Beyond the obvious, there are a couple of ways in which Transformer companies serve these roles for Transformational Consumers that are much subtler but represent most of Transformational Consumer spending and brand interactions along their HWW journeys. Apps, platforms, and even brand-published content can serve as a tool with which your herocustomers ultimately unlimits themselves into their transformed life.
The tools you can provide to help power your customer-heroes’ journeys also include supplies. The transformational journey can be uncomfortable; by definition, it involves a journey away from what’s known, a change from the status quo, a foray away from the dopamine-fueled comforts of loafing, inertia, bad habits, and salty, sugary, fatty convenience foods. It almost always involves more work than the status quo did.
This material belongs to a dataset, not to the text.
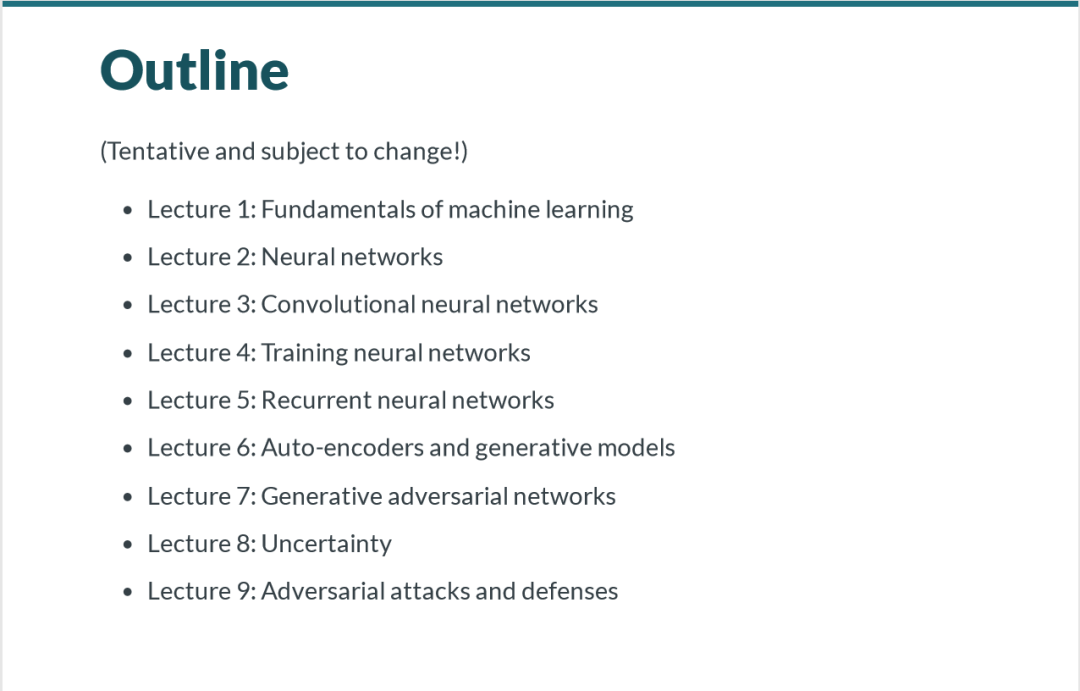 深度机器学习的最新发展使视觉识别、语音和文本理解或自主智能体系统取得了前所未有的巨大进步。在此背景下,本课程将深入探讨深度学习架构的细节,重点是学习这些任务的端到端模型。学生将学习实施、训练和调试自己的神经网络,并对该领域的前沿研究有详细的了解。该课程还将介绍推理方法的最新创新,包括微分推理、对抗性训练和贝叶斯深度学习。

An enormous portion of what Transformational Consumers are constantly on the lookout for is new, beneficial versions of the old things they used to buy—supplies for the new version of their life that they are still likely to eat or use but are more healthful, are more financially frugal or efficient or luxurious, and/or that represent or enable smarter decisions than the old versions did. Think of supplies as tools to sustain transformation: supplies that customers can bring back with them to stay on track in their newly transformed lives. This is a powerful way that consumer packaged goods, food, and apparel companies can fulfill their potential to become Transformers.
One more note: while these stories might strike you as extreme, they are actually compilations of real-life stories of Transformational Consumers from our research, online listening, and our lives.